Stepping through this code with MARS 4.5 MIPS emulator reveals that for some yet unknown reason for me b AND just does not work as should. If you write j AND instead everything will work correctly.

EDIT: As @Peter Cordes pointed out it is most likely an assembler bug.

NOTE: You could remove the whole loop part and do this in the AND section:

and:
    andi $t2, $t0, 1 #and user input($t0) with 1 and store in $t2
    add $t1, $t1, $t2 #add the result it is either 0 or 1
    srl  $t0, $t0, 1 #shift user input($t0) to right 1 position logically
    beqz $t0, display #If $t0 equals 0 send to display function
    j and       #send back to AND function if not
Eraklon
  • 4,206
  • 2
  • 13
  • 29
  • 1
    MIPS branch instructions use *signed* relative displacements; they can branch backwards. `bgez $zero, target` is a pretty normal way for MIPS to encode a relative branch-always, like `beq $zero, $zero, target` reaching +/-128kB relative to PC+4. [MIPS jump and branch instructions range](//stackoverflow.com/q/36442586). Are you sure changing `b` to `j` changed the program's output? Did you maybe use a different test input that didn't exercise whatever bug the OP has? (like high bit set or cleared, or low bit set or cleared, in case there's a problem on the first or last iteration.) – Peter Cordes Feb 19 '20 at 13:11
  • Are you sure about this? I did not changed anything on the input test input. You could verify this by downloading MARS 4.5. Maybe this is a bug? – Eraklon Feb 19 '20 at 13:37
  • 1
    Yes, I'm 100% sure that MIPS relative branches can go forward and backward. What exactly did you see that was wrong in MARS? Unlike real MIPS, it doesn't simulate branch-delay slots by default, but that's an option. – Peter Cordes Feb 19 '20 at 13:40
  • It resolves the labels to their hex values but it does not did it with `b AND` and also it is just gone past it simply. – Eraklon Feb 19 '20 at 13:41
  • 1
    Yeah, I see the same thing in MARS myself; that's an assembler bug. Notice that the low 16 bits of the branch encoding is `FFFF`, i.e. jump to the branch-delay slot. If you enable delayed branching (which breaks the code), the branch-delay slot executes twice. Once as the delay slot, once as the branch target. – Peter Cordes Feb 19 '20 at 13:48
  • Ohh, nice catch. Thats a shame I started to like this emulator.. – Eraklon Feb 19 '20 at 14:06
  • 1
    It's generally pretty good. One of the main downsides I knew of before this bug were that it didn't support %hi(symbol) and %lo(symbol), so if you want to lui/lw yourself you'd have to hard-code numeric addresses. – Peter Cordes Feb 19 '20 at 14:17
  • Yes I like it anyway so I stick with it too, but good to know these bugs! o7 – Eraklon Feb 19 '20 at 14:19
1

MARS apparently has an assembler bug on b instructions when the label name is also a valid instruction mnemonic. It ends up as a branch-to-next instruction.

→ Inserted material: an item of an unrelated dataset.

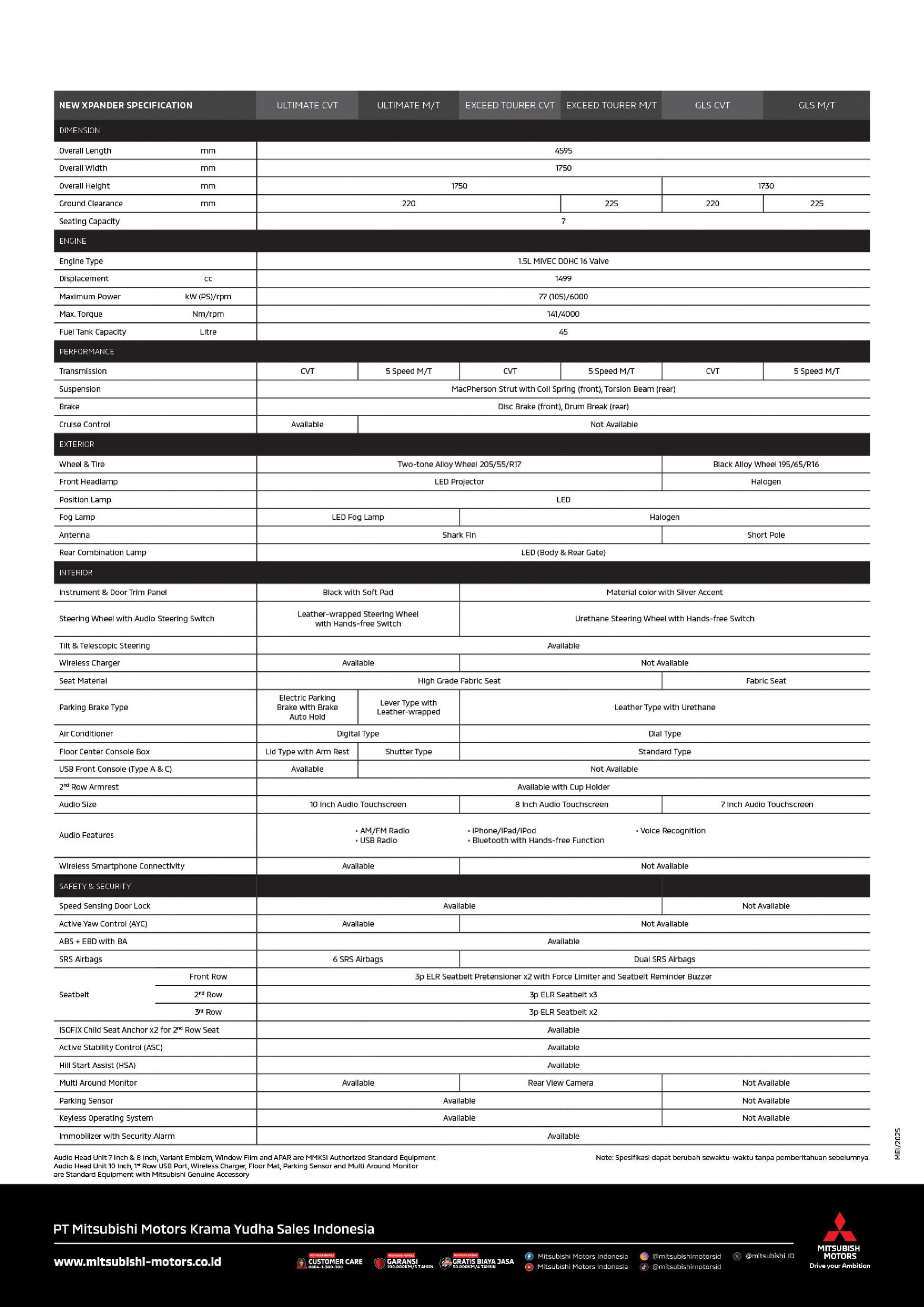 MPV Modern dengan Desain Premium dan Fitur Canggih Mitsubishi New Xpander adalah MPV keluarga yang dirancang dengan desain dinamis, interior mewah, dan fitur inovatif. Menggabungkan kenyamanan berkendara dengan performa andal, New Xpander menjadi pilihan terbaik untuk keluarga modern yang membutuhkan kendaraan serbaguna dan stylish. Desain Eksterior Elegan: Interior Nyaman dan Luas: Performa Tangguh: Fitur Keamanan Modern: Kenyamanan Berkendara: Mitsubishi New Xpander adalah MPV multifungsi yang menawarkan kenyamanan, keamanan, dan performa terbaik. Cocok untuk perjalanan keluarga maupun kegiatan sehari-hari, kendaraan ini menjadi solusi sempurna untuk kebutuhan mobilitas Anda.Mitsubishi New Xpander

Changing the label name from AND to AND_TOP made it assemble correctly. Eraklon found that using a j instruction also worked. (The : instead of operands disambiguates the token as being a label instead of an instruction, so this is a bug in MARS, not a bug in your code. clang assembles your source code just fine. Not that you could run it outside of MARS; it depends on MARS system calls and no-delay-slot branches.)

I tested in Mars 4.5 under Java OpenJDK 1.8.0_232 on Arch GNU/Linux and reproduced @Eraklon's result. (But the reasoning in that answer is wrong.)

Both b AND instructions assemble to 0x043fFFFF (with listed instruction bgez $0, AND), so the branch target is the instruction right after the branch. (What would be the delay slot on real MIPS). How to Calculate Jump Target Address and Branch Target Address? shows that MIPS relative-branch instructions are I-type, and sign-extend the 16 bit immediate (the low 16 of the instruction word) and left-shift by 2. (Or look at it unshifted as an offset in words). Relative to the end of the branch-delay slot. So an offset of -1 gets us to the instruction after the branch.

Also note that 0x043f is not the right opcode and register encoding for bgez. It should be 0x0401 for bgez $zero. (http://www.mrc.uidaho.edu/mrc/people/jff/digital/MIPSir.html shows encodings in binary). According to llvm-objdump -d (after assembling .word 0x043fffff with clang -target mips), that actually encodes 4 3f ff ff synci -1($1). I wonder if the MARS bug was ORing in a -1 value that was wider than it should have been, overwriting some higher bytes?

(bgez $0 is one way to encode an unconditional relative branch in MIPS. Another way is beq $0,$0, target. There's no separate opcode, you just have to pick one of the I-type b... machine instructions with inputs that are always true.)

MARS simulates this mis-assembled instruction as a branch-always with the offset it encoded: it effectively falls through the branch. Or with Settings->Delayed Branching enabled, the instruction after the branch executes twice: once as the delay slot, once as the branch target.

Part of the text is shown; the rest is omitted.